Obviously we returned safely and successfully troubleshot the failure. The immediate cause of the failure was that before departure maintenance had repaired a loose wire on a connector plug and somehow got the wire attached to the wrong pin. The result was that all the fuel dump pumps were powered during flight but did not activate on the ground.
This was because the pumps’ circuits were connected to power through the touchdown switch that activated when weight was on the landing gear. Added to the crew’s inflight diagnosis problem was that many of the aircraft fuel gauges were inoperative or unreliable.
This incident was not the last of the accidents and incidents that involved miswired Cannon plugs or inoperable fuel gauges. In 1990, a Lockheed C5A crashed on takeoff killing all onboard when a thrust reverser opened just after the aircraft left the ground . A cannon plug repair was the likely cause.
A C-130 in another incident involving a Cannon plug lost all four engines as the plane lifted off the runway but recovered safely .

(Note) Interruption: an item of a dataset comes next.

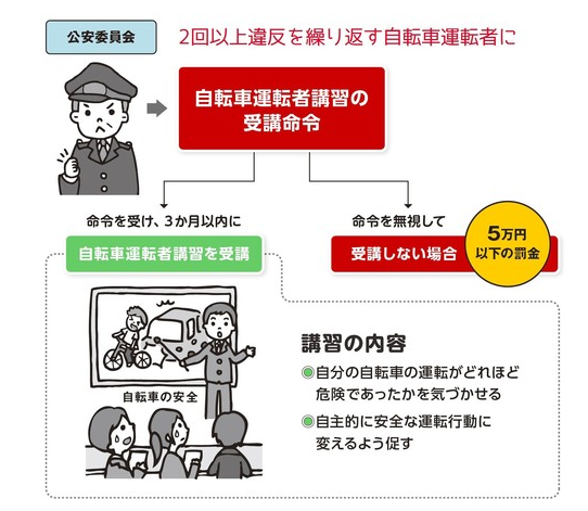 3年間のうち2回目の摘発をされた場合に、警察が実施する「安全講習」を受講しなくてはならなくなります(ここで手数料の5700円が徴収されます。これが反則金と同じ位置付けになります)。費用はもちろん、講習は1回3時間で最後にテストまであるというのですから、負担はかなり大きくなります。この安全講習を受講しないと、事件扱いとなり、裁判所への呼び出しの上5万円以下の罰金が科されます。

Fuel gauges have also been an issue in other incidents. Canadian airlines have had two passenger aircraft run out of fuel and forced to glide to alternate landing runways. Air Canada Flight 143 in 1983, and Air Transit Flight 236 in 2001, were both forced to make emergency landings when their engines failed. It appears that these pilots variously misinterpreted fuel gauges, made unwarranted assumptions about fuel system malfunctions, and ignored ground refueling records. Pilots need to troubleshoot fuel system anomalies and land immediately when problems cannot be identified and solved.
The stories above represent challenges that were difficult to solve by conventional thinking. Trouble shooting is truly a thinking out of the box approach to problem solving as well as learning to apply or even improve on the practices of forensic science. Our systems will always be evolving and exhibiting new instances of emergent behavior that will require patience and trouble shooting skills to understand and effectively control.
Additionally, because of my troubleshooting experiences I have learned a great deal about the unreliability, excessive cost, and safety vulnerabilities of modern systems. We of course need progress but how much of the negative aspects of new designs can we eliminate? Systems engineers must take on this challenge of creating better designs and using good trouble shooting techniques to provide lessons learned for the benefit of all. Awareness of capacitors and their shortcomings would be a good start.